- Opening Delimiter -

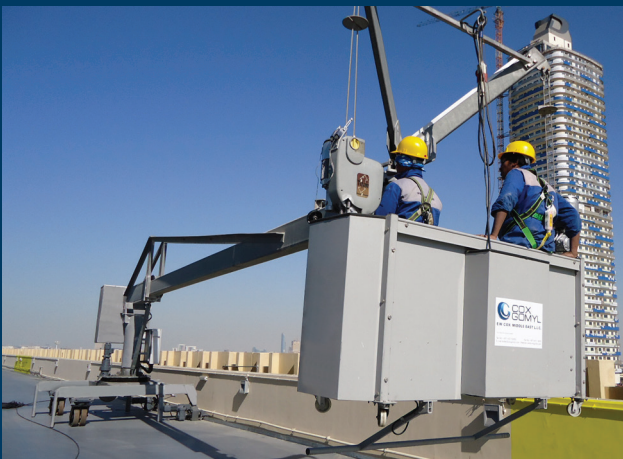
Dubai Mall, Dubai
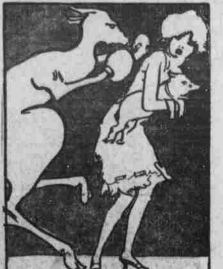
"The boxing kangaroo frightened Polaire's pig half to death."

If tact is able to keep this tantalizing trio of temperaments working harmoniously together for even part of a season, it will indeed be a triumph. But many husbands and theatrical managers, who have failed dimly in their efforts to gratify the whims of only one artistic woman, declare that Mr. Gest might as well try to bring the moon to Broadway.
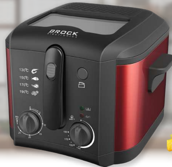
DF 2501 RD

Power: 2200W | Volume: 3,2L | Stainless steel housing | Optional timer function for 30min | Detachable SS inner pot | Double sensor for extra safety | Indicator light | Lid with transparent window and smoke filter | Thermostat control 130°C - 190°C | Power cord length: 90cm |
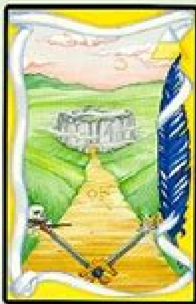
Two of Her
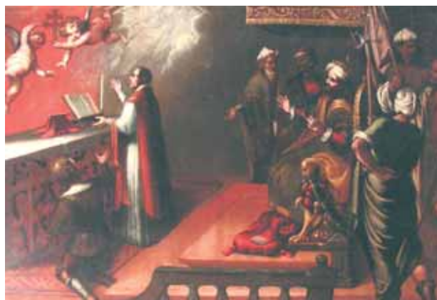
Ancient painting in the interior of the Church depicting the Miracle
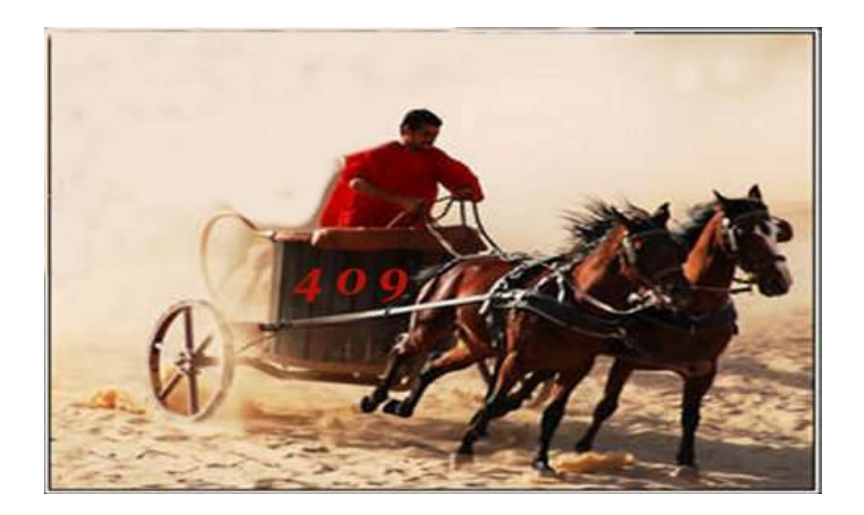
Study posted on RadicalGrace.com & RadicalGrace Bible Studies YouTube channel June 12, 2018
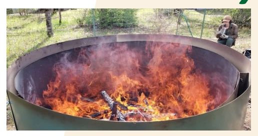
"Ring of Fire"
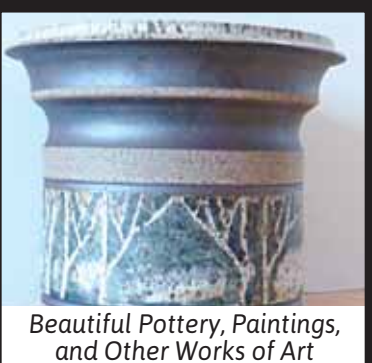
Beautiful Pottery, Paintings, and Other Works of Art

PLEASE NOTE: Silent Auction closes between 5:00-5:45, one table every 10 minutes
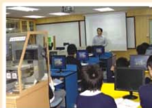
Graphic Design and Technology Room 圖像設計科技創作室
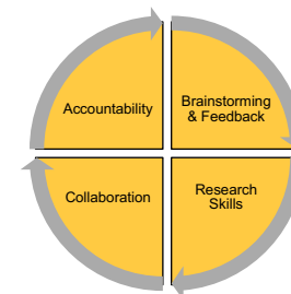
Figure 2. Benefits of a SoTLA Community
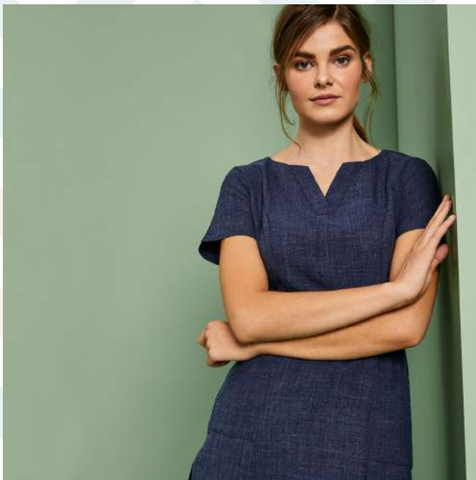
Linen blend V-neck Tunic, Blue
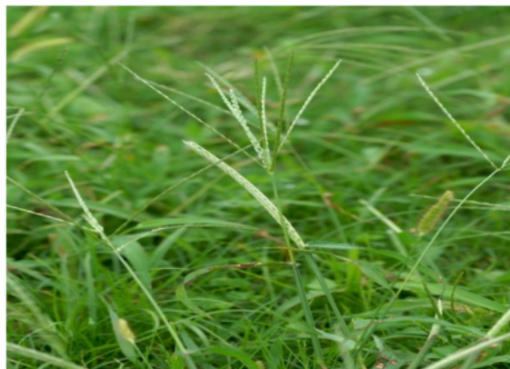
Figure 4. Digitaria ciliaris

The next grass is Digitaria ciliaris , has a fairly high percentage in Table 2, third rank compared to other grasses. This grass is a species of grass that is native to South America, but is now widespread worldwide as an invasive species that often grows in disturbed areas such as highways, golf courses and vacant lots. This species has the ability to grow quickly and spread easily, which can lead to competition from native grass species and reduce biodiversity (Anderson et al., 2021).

- Closing Delimiter -

What you will do: Reproduce everything above exactly, images excluded.

Answer area:
Dubai Mall, Dubai
"The boxing kangaroo frightened Polaire's pig half to death."

If tact is able to keep this tantalizing trio of temperaments working harmoniously together for even part of a season, it will indeed be a triumph. But many husbands and theatrical managers, who have failed dimly in their efforts to gratify the whims of only one artistic woman, declare that Mr. Gest might as well try to bring the moon to Broadway.
DF 2501 RD

Power: 2200W | Volume: 3,2L | Stainless steel housing | Optional timer function for 30min | Detachable SS inner pot | Double sensor for extra safety | Indicator light | Lid with transparent window and smoke filter | Thermostat control 130°C - 190°C | Power cord length: 90cm |
Two of Her
Ancient painting in the interior of the Church depicting the Miracle
Study posted on RadicalGrace.com & RadicalGrace Bible Studies YouTube channel June 12, 2018
"Ring of Fire"
Beautiful Pottery, Paintings, and Other Works of Art

PLEASE NOTE: Silent Auction closes between 5:00-5:45, one table every 10 minutes
Graphic Design and Technology Room 圖像設計科技創作室
Figure 2. Benefits of a SoTLA Community
Linen blend V-neck Tunic, Blue
Figure 4. Digitaria ciliaris

The next grass is Digitaria ciliaris , has a fairly high percentage in Table 2, third rank compared to other grasses. This grass is a species of grass that is native to South America, but is now widespread worldwide as an invasive species that often grows in disturbed areas such as highways, golf courses and vacant lots. This species has the ability to grow quickly and spread easily, which can lead to competition from native grass species and reduce biodiversity (Anderson et al., 2021).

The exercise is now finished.